Элизабет Торнтон
АЛЫЙ АНГЕЛ
Эндрю от младшей сестренки, за то, что ты познакомил меня с прекрасными авторами любовных романов – Скоттом, Дюма, Уэйманом, Сабатини, Купером, Орцзы, Баллантайном, Стивенсоном.
Так когда же ты попробуешь почитать Джейн Остин?
Пролог
Париж, 2 сентября 1792 года.
Убийства в тюрьмах. Тюрьма Аббей
Пронзенный ужасом, он стоял у маленького окна башни, которое выходило на одну из секций внутреннего двора тюрьмы, и не мог заставить себя не смотреть на отвратительную сцену жестокого массового убийства. Очередную группу заключенных волокли к «судьям». Боже мой, что это были за судьи! Парижская чернь – мясники в красных шапках, кожаных фартуках и с залитыми кровью руками; санкюлоты[1] – эти невежды, отбросы общества; и федераты[2] – ополченцы из провинций – банда неуправляемых головорезов, которым ничего не стоило лишить человека жизни.
Казни продолжались часами. Заключенные понимали, что их ждет: даже в тюрьме новости распространялись быстро. Все началось днем, когда банды вооруженных людей напали на несколько повозок, в которых везли в тюрьму священников, якобы за то, что те отказались принести присягу Конституции. Оттуда толпа направилась в тюрьму Карме и принялась систематически убивать всех заключенных там людей. Когда настала ночь и в Карме уже некого было убивать, та же чернь, ряды которой пополнились и насчитывали уже около двухсот человек, всей толпой ринулась в Аббей. Никто не пытался их остановить. И теперь они казнили всех без разбора.
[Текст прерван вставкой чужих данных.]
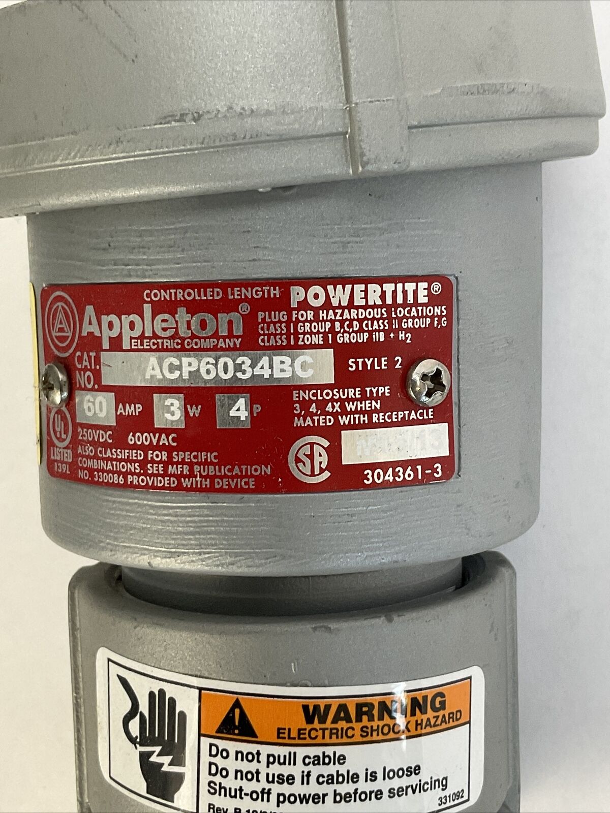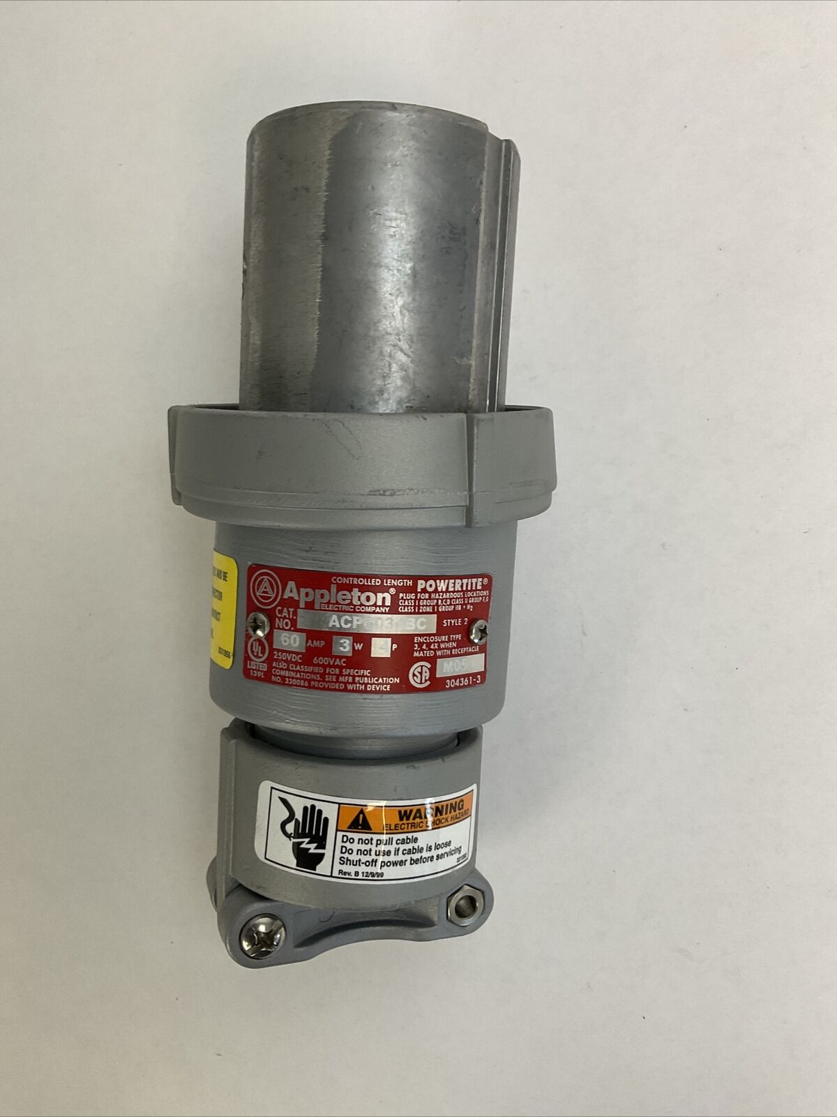APPLETON ACP6034BC ALUMIMUM 60AMP POWER TITE CLAMPING RING PLUG 250VDC 600VAC 3W 4P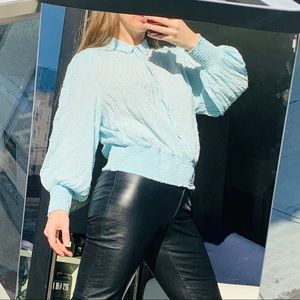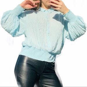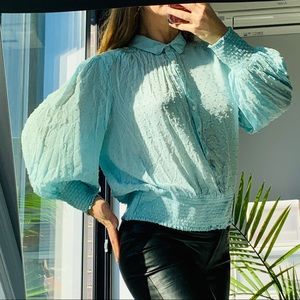Anthropologie Maeve Turquoise Teal Puff sleeves Sky Blue Blouse air like fluffy puffy polka dot Jacquard textured breathy bring your best Pirates’ Captain self out! World gets better when Girls rule! So romantic and chic works as office attire or party night day out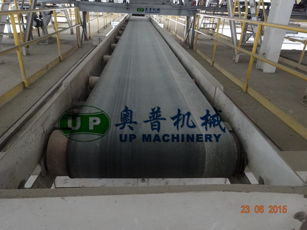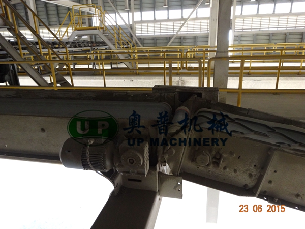 立式膠帶機的兩個擺動極限位置設有限位開關,其在工作和非工作狀態下的定位由限位開關來實現。特殊設計的溜槽能使水泥袋恰好落到接續膠帶機的中心位置。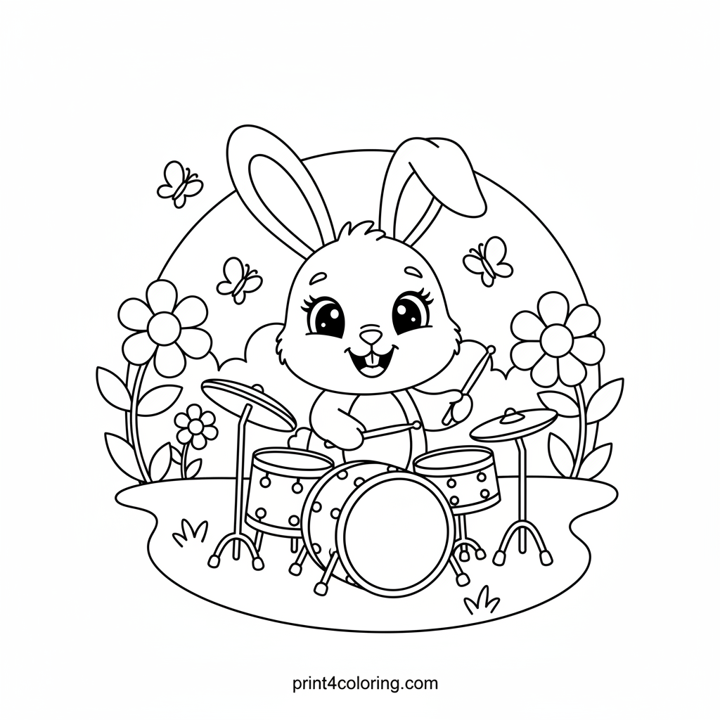 #bunny#rabbit#drums#music#backyard#flowers#butterflies#cute#easy#coloring-page#printable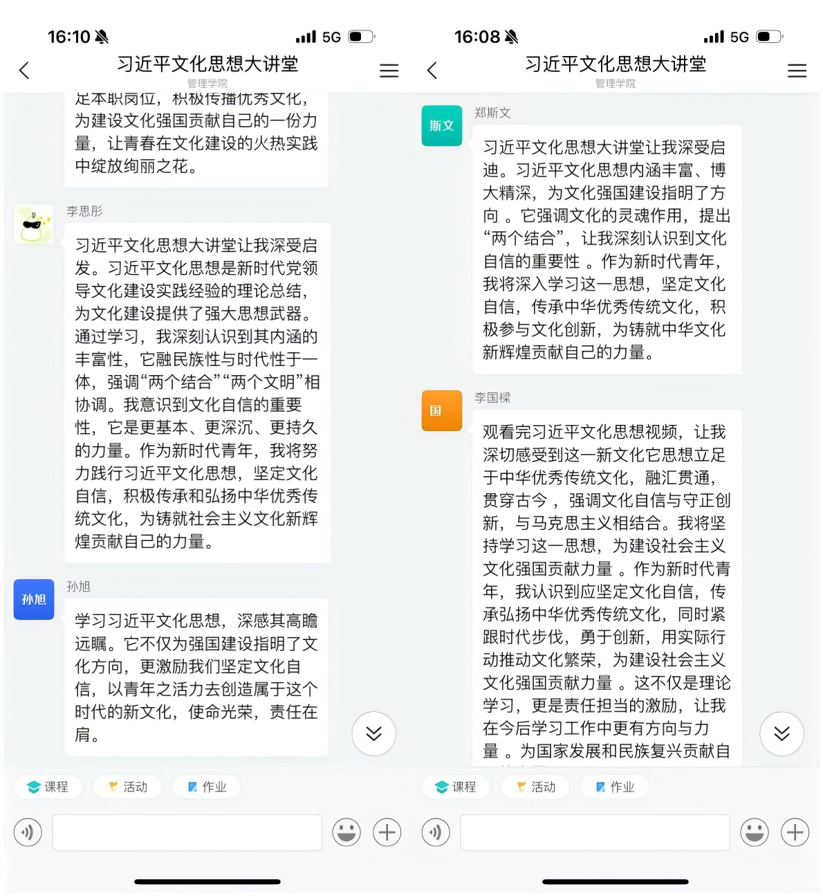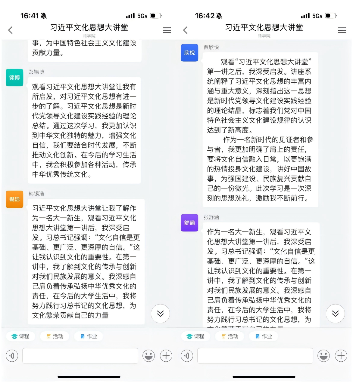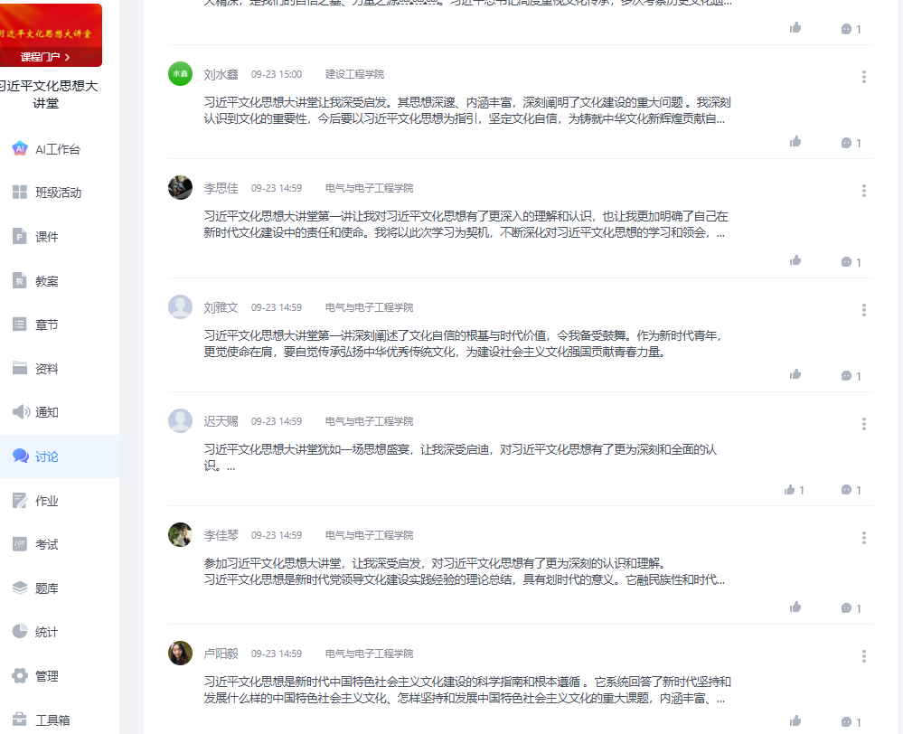 截至23日,已有4086名学生参加学习,线上完成学习测验1429人,参与课堂讨论122个,课后学生们反响热烈,纷纷在学习通班级空间中发表学习心得,留言超3000条。

Кэму стало плохо, его сердце вырывалось из груди. Он закрыл глаза, чтобы отгородиться от ужасающего зрелища. Оно было еще более омерзительным из-за присутствия торговок – тех, что продают рыбу и другие товары. Торговки по требованию наливали палачам бренди, смешанный с порохом, чтобы подогревать ярость, с которой те выполняли свою бесконечную работу. Кэм никогда раньше не встречал женщин, изнемогающих от жажды крови, и не мог смириться с тем, что видел собственными глазами – торговок совершенно не трогали растущие горы искалеченных трупов и страдания тех, кто еще не готов был умереть.
Подходила его очередь, Кэм знал это. Никому не будет пощады, кроме, дай-то Бог, женщин и детей. Его мачеха и двенадцатилетняя сестра находились в другой части здания. Он не мог поверить, что этот сброд опустится до убийства столь невинных созданий.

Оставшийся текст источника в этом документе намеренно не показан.